Kourtney Arena, senior civil and environmental engineer and president of Rowan's USGBC chapter, discusses the LEED Green Associate exam. - Editor-in-Chief / Tara Lonsdorf

With the push for action against climate change growing, many people are realizing that more needs to be done on a large scale, rather than doing small things at home to save energy or cut down on waste. While this can be helpful, it’s necessary for those with bigger realms of influence, like companies and large businesses, to do their part.

One thing that can help reduce a company’s impact on climate change is to make environmentally sustainable infrastructure a priority. Sustainability is important because it encompasses a variety of things, including energy usage in buildings and the actual construction of a building.

The best way to ensure that a building is sustainable is for it to undergo something called LEED certification. Through the U.S. Green Building Council (USGBC), buildings can undergo this rigorous certification process that involves the evaluation of their various aspects, from the placement of their windows to what kind of energy they use to power their facilities.

Certification is based on the Environmental Protection Agency’s Tool for Reduction and Assessment of Chemicals and Other Environmental Impacts (TRACI), which categorically characterizes the various impacts something can have on the environment.

While there are different levels of LEED certification — certified, silver, gold and platinum — each one requires professionals to go through and make sure that things are up to the standards of each certification level.

Each certification level requires a certain number of points, which are accumulated when credits are fulfilled by the evaluated structure.

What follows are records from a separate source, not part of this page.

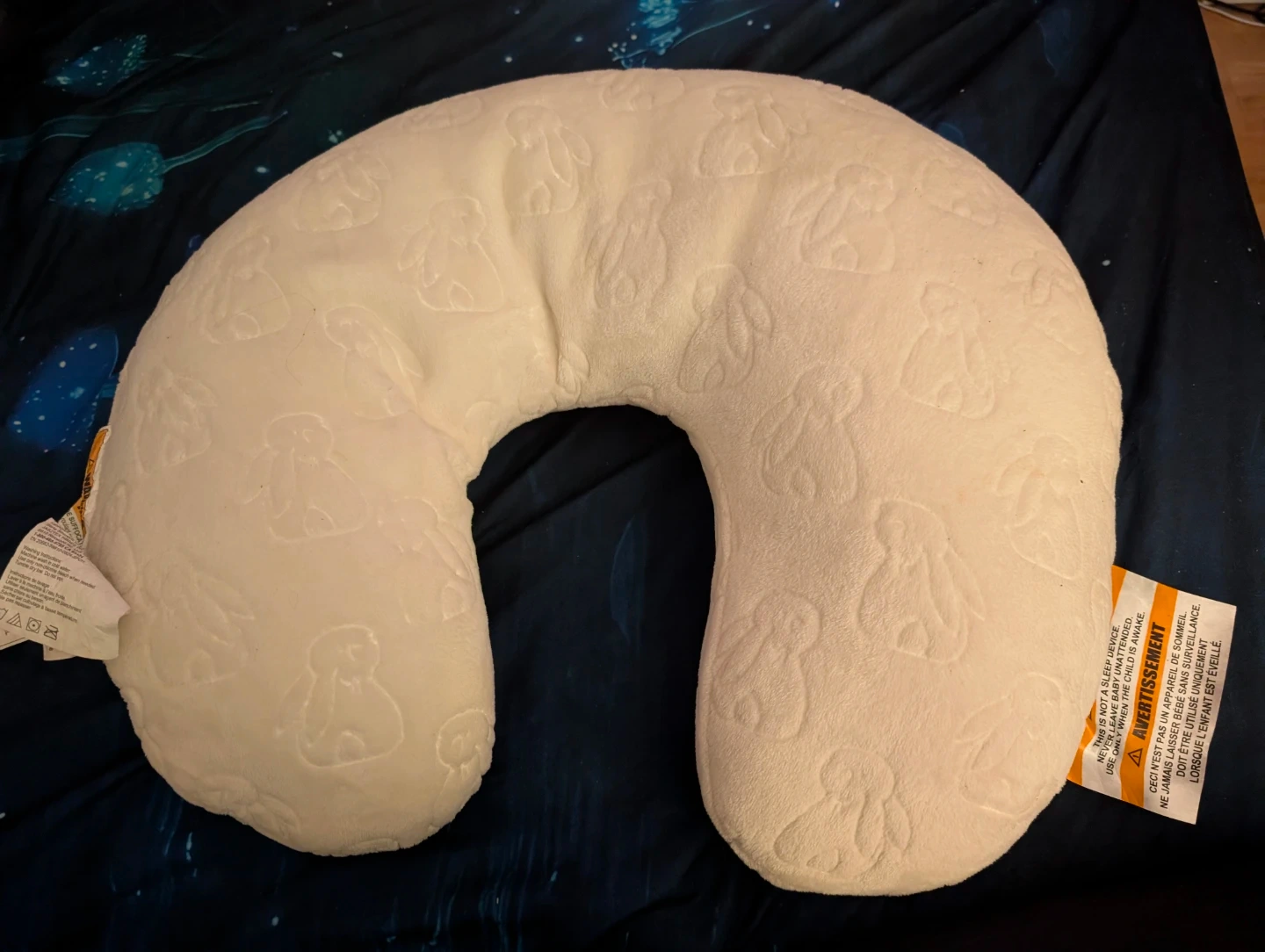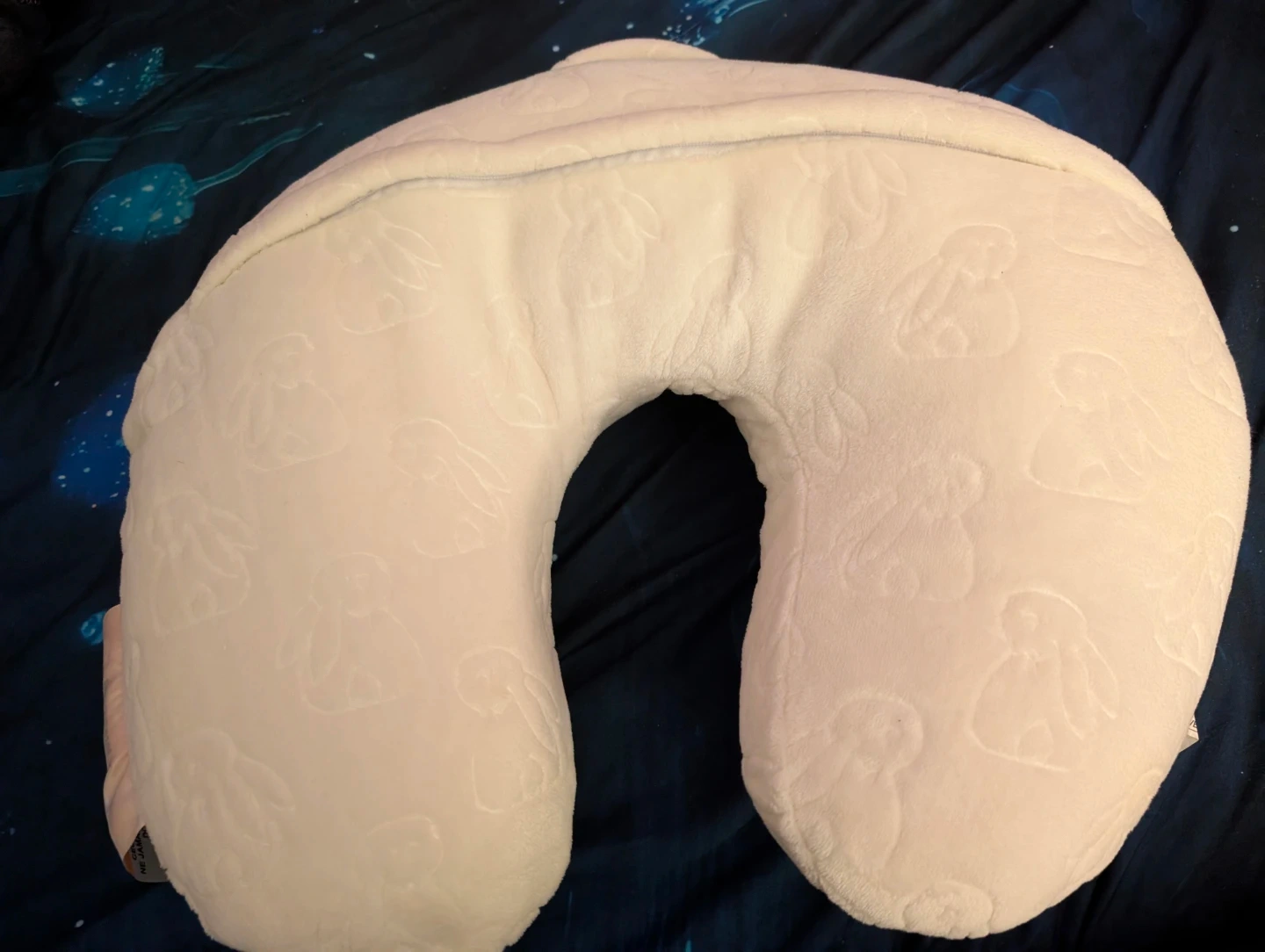 White nursing pillow with a cute embossed bunny pattern all over. It's soft and plush for comfortable feeding or support. The U-shape design cradles your baby. Great for nursing moms!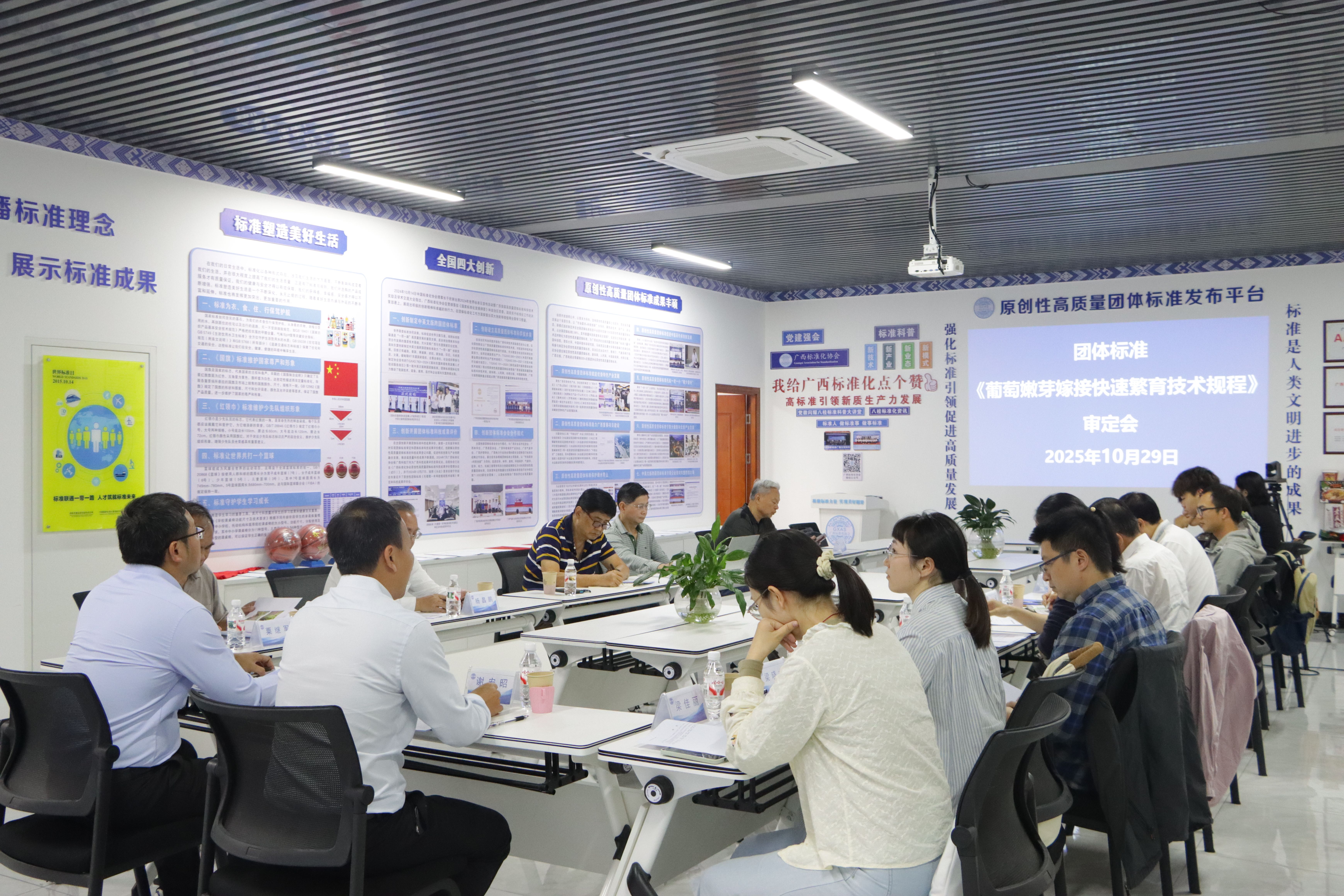 广西标准化协会会长谢宏昭高级工程师、秘书长黄林华高级工程师,广西壮族自治区农业科学院白先进研究员、曹雄军副研究员,bwin官网王博副教授、杨德龙、梁佳丽、赵梓琪,广西特色作物研究院梁晓文农艺师,广西真诚农业有限公司总经理白扬农艺师、陆丽农艺师、廖永峰助理农艺师,广西标准化协会标准部主任苏子华及编制工作组其他成员参加了此次团体标准审定会。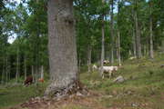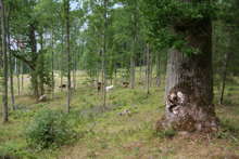 Beskrivning: Jätteek i beteshage. Kor, kreatur, Ekopark Omberg.

For instance, if a building is within a specified radius of a mass transit station, that would garner the building a certain amount of points.

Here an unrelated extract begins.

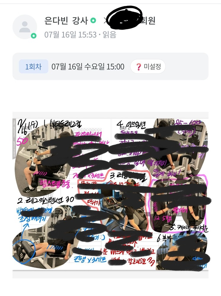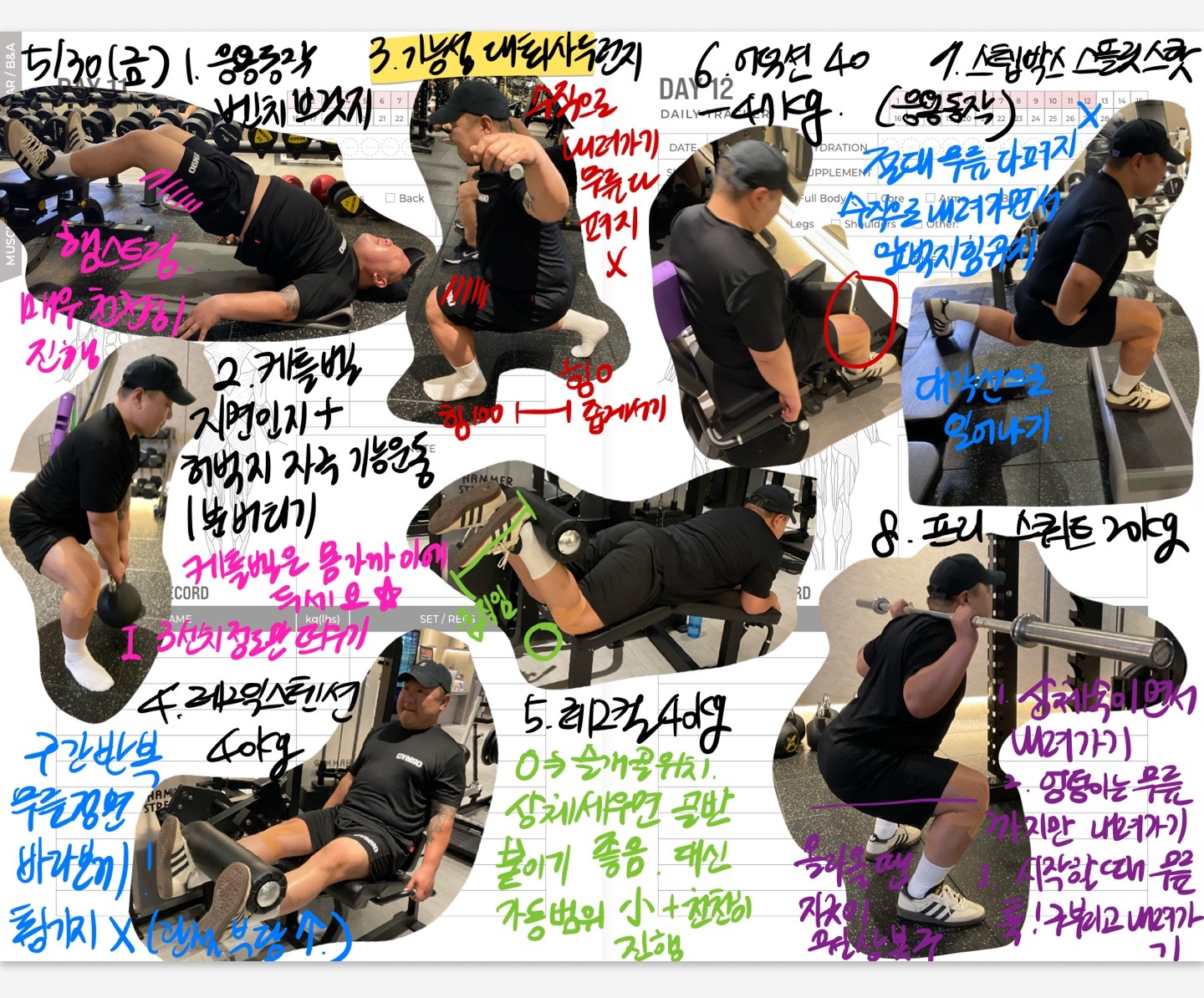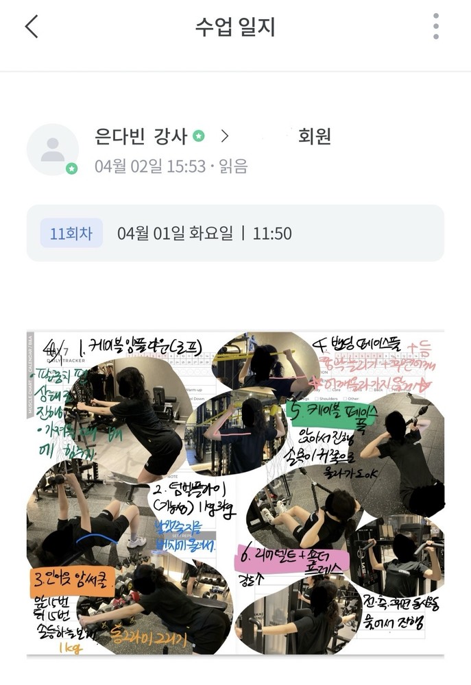 매 수업마다 자세 잘 잡아주고, 사진처럼 저렇게 운동 일지까지 챙겨주는 정성에 감동🥹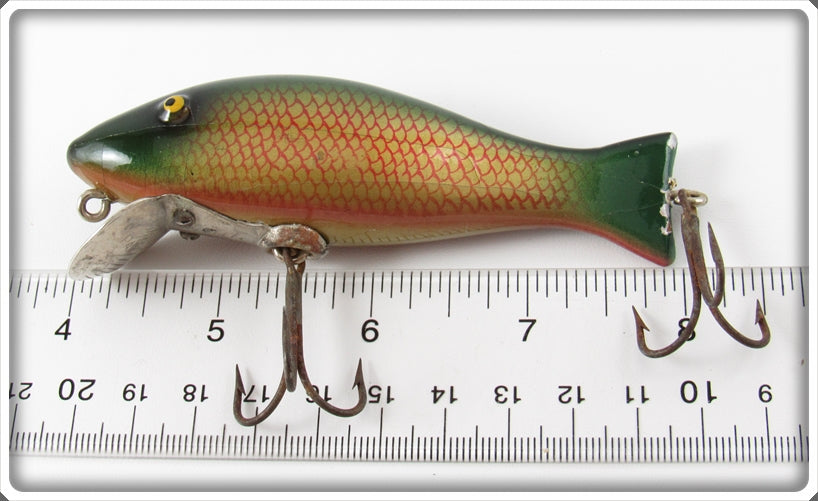 This is a nice old Paw Paw Green & Red Scale Large Caster lure that was sold on Tough Lures! Vintage and antique fishing lures are added for sale often so keep checking back! I buy old lures so feel free to contact me if you have any to sell.

The professionals who conduct these evaluations are people who have passed a series of exams administered by the USGBC, which test their knowledge of the nuances of certification. The first of these tests, the LEED Green Associate exam, is a major stepping stone to becoming a professional in this line of work.

Through the Rowan chapter of the USGBC, students can receive help with becoming a Green Associate. The club offers study groups for those who want to take the exam, and gives students a discount on the exam cost.

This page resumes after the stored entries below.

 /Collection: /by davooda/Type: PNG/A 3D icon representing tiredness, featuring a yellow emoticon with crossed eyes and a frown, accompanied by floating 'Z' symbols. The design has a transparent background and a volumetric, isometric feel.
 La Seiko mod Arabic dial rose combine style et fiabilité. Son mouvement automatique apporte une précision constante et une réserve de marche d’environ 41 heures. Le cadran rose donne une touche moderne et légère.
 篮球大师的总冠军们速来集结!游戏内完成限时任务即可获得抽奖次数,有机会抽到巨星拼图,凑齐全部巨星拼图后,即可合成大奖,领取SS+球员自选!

Kourtney Arena, the chapter’s president and a senior civil and environmental engineering student, emphasized that being a Green Associate is beneficial to any student’s resume.

“It helps give you a competitive edge if you want to get into any of the building industries… because companies know that you’ve already done half the work to get there,” Arena said. “That means they don’t have to wait for you to train and study and pay for you to go get your [Green] Associate’s and your professional [credentials].”

Though this is a good resume-building aspect for those who are studying construction-related majors, such as civil engineering, environmental studies and community and environmental planning, anyone with an interest can join the club and take the Green Associate exam.